START WORKING DATA
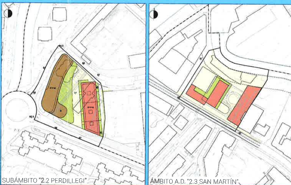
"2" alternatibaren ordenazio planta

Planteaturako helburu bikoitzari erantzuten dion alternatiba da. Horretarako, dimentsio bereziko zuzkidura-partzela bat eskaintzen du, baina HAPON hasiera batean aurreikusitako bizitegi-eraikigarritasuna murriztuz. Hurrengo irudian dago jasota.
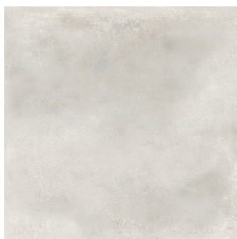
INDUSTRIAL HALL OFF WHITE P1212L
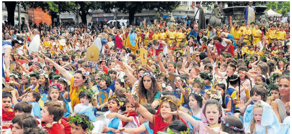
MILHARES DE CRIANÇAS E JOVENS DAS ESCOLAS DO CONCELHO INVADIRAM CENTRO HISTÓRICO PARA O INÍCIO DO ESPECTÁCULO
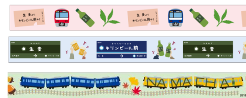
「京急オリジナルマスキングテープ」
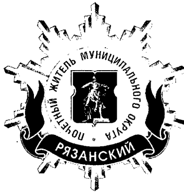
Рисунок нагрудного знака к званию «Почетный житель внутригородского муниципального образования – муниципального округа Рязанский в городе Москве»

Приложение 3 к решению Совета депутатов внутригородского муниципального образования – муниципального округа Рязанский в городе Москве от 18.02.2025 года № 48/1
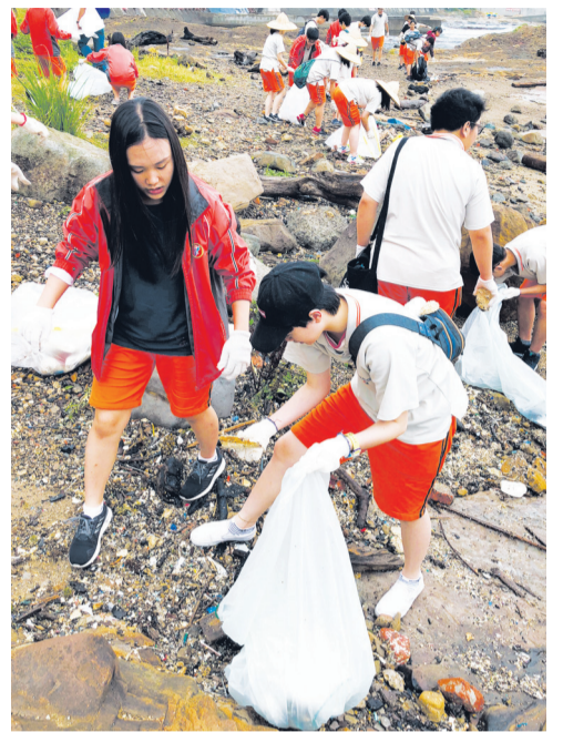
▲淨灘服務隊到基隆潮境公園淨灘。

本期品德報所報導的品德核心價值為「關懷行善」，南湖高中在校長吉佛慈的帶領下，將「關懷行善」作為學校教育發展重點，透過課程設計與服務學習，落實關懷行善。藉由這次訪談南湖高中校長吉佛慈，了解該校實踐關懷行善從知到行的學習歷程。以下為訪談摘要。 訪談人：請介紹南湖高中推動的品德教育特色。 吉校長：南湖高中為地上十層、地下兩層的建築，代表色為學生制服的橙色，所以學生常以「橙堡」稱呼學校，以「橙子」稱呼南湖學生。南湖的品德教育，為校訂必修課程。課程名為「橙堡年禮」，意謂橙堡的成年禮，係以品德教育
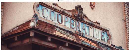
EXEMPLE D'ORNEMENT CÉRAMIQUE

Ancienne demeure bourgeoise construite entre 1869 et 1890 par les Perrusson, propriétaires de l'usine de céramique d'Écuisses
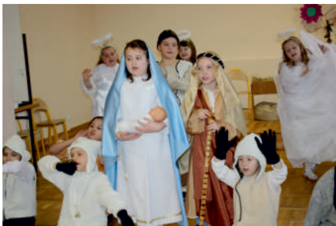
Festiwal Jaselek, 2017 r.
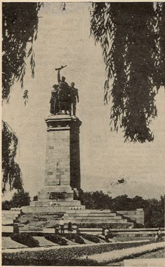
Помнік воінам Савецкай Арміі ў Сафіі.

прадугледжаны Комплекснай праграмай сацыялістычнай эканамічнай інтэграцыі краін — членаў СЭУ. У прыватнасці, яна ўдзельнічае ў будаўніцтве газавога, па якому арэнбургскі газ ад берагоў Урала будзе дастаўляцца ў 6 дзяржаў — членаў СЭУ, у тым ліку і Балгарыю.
END WORKING DATA
__EXERCISE GOAL__:
Each line in the data that holds the string "Москве" should be found and copied.

__WRITTEN ANSWER__:
Рисунок нагрудного знака к званию «Почетный житель внутригородского муниципального образования – муниципального округа Рязанский в городе Москве»
Приложение 3 к решению Совета депутатов внутригородского муниципального образования – муниципального округа Рязанский в городе Москве от 18.02.2025 года № 48/1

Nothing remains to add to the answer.